PROBLEM REQUIREMENTS
In the answer, transcribe exactly the lines from the beginning of the material through the line holding "Семена эшшольции калифорнийской", and skip every picture.

THE INPUT
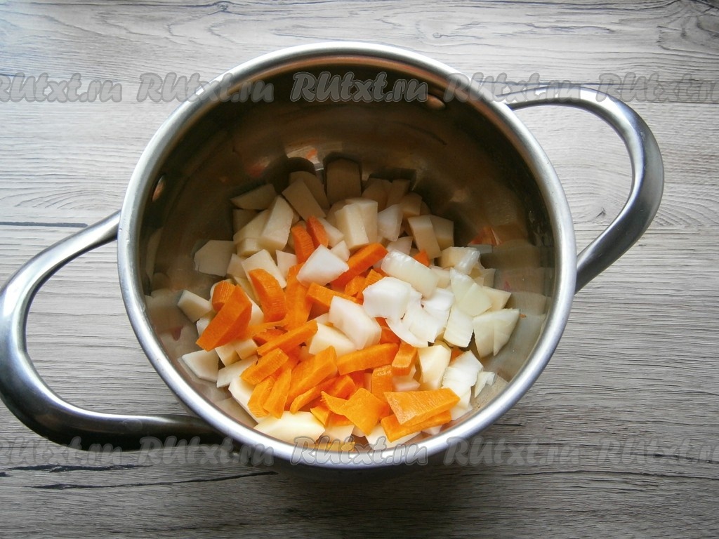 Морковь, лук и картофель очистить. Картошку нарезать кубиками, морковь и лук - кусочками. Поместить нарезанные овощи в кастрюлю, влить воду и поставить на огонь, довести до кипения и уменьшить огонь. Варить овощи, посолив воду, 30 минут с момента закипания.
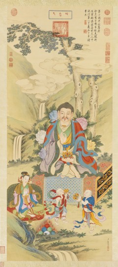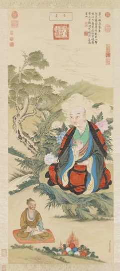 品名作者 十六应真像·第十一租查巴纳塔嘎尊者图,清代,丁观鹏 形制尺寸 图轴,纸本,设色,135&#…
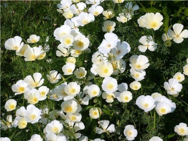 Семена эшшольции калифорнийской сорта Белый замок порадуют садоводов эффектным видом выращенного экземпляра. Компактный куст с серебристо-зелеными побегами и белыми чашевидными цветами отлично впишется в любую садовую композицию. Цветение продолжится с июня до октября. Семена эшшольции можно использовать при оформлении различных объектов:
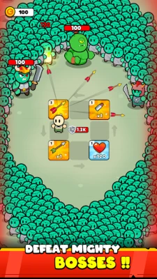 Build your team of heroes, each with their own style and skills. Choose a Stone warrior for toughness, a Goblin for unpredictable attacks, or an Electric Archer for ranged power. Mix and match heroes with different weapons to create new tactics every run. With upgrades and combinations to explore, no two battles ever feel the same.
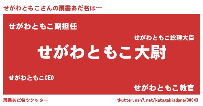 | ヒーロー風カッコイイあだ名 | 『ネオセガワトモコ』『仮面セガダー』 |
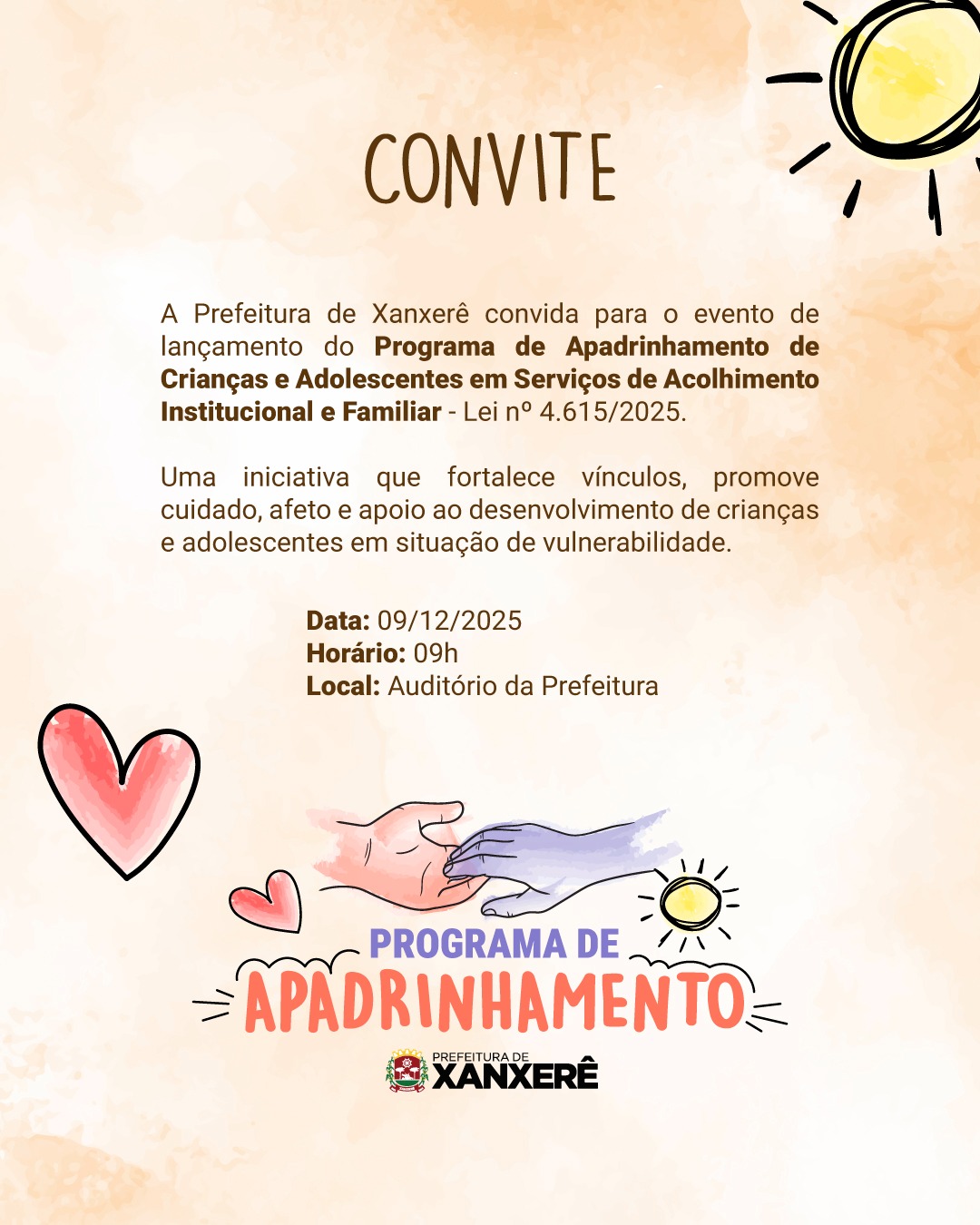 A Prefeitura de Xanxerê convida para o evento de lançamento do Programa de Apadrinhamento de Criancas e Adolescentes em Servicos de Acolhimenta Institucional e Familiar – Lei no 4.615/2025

ANSWER AREA
 Морковь, лук и картофель очистить. Картошку нарезать кубиками, морковь и лук - кусочками. Поместить нарезанные овощи в кастрюлю, влить воду и поставить на огонь, довести до кипения и уменьшить огонь. Варить овощи, посолив воду, 30 минут с момента закипания.
 品名作者 十六应真像·第十一租查巴纳塔嘎尊者图,清代,丁观鹏 形制尺寸 图轴,纸本,设色,135&#…
 Семена эшшольции калифорнийской сорта Белый замок порадуют садоводов эффектным видом выращенного экземпляра. Компактный куст с серебристо-зелеными побегами и белыми чашевидными цветами отлично впишется в любую садовую композицию. Цветение продолжится с июня до октября. Семена эшшольции можно использовать при оформлении различных объектов:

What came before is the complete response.